5. The respondent Assessment Unit in utter disregard to the directions issued by this Court passed the impugned assessment order without providing an opportunity of cross examination to the petitioner by observing as under. :
“Secondly, regarding assessee’s claim for cross examination is refuted through various judicial rulings mentioned below-
(i) The right of cross examination is not an absolute right. (Nath International Sales v. UOI, AIR 1992 (Del) 295). The Hon’ble Supreme Court has also held that the right of hearing does not necessarily include right of cross examination. The right of cross examination must depend upon the circumstances of each case and also on the statute concerned (State of J&K v. Bakshi Gulam Mohammad AIR 1967 SC 122).
(ii) The question whether the assessee is entitled to cross examination is a question which may largely depends on the facts and circumstances of the case ( Shyamlal Biri Merchant v. UOI (1993) 68 ELT 548, 551(All.))
(iii) In the present case no such circumstances are warranted as discussed above. In this case the addition is not made merely on the basis of any statement of any person but addition is being made on the basis of independent enquiry carried out during assessment proceedings.
(
iv) 36(Raj.)
has held that “there is no provision for permitting the cross examination of the persons whose statements were recorded during survey.” (e) In CIT v.
Metal Products of India (1984) 150 ITR 714 (P&H), it was held that the AO may gather information in any manner he likes, behind the back of the assessee and utilize the same against the assessee, even if it does not, in all respects satisfy the requirements of the Indian Evidence Act. What is necessary is that he should have material upon which to base the assessment; “material” as distinguished from “evidence” which includes direct and circumstantial evidence.”
6. It seems that the respondent Assessment Unit was annoyed by the directions issued by this Court and therefore, have tried to justify for refuting the claim of cross examination by the petitioner relying upon the decisions which are extracted as quoted above in the assessment order.

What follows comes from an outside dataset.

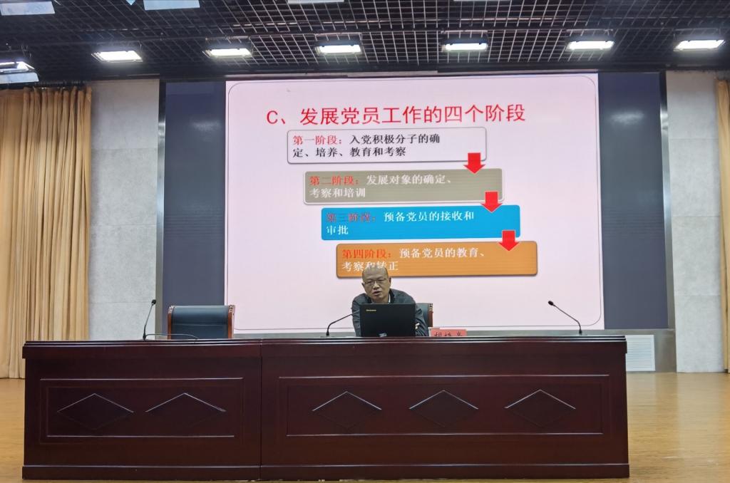 胡培亮从“历史为什么选择中国共产党、如何才能入党以及发展党员工作的四个阶段”三个方面进行阐述,引导新生思考入党的初心,领悟共产党人的使命,鼓励新生端正自己的入党动机,坚定理想信念、积极主动要求进步、积极向党组织靠拢。

7. We are therefore of the opinion that only on this ground alone of not complying the directions issued by this Court, assessment order is required to be quashed and set aside without further going into the merits of the matter considering the request made by learned Senior Standing Counsel Mr.Varun Patel to remand the matter to the respondent to comply with the directions issued by this Court in order dated 6.5.2024.
8. Therefore, without going further into the merits of the case, the petition is disposed of. The impugned order dated 26.8.2024 (Annexure A) is hereby quashed and set aside. The matter is remanded to the respondent Assessing Officer to comply with the directions issued by this Court vide order dated 6.5.2024 in Special Civil Application No.6918 of 2024/Maa Padmavati Exports v. Income-tax Officer (Gujarat) scrupulously and in letter and spirit within a period of 12 weeks from the date of receipt of the copy of this order failing which this Court will be constrained to initiate the appropriate proceedings under the provisions of Contempt of Courts Act 1971.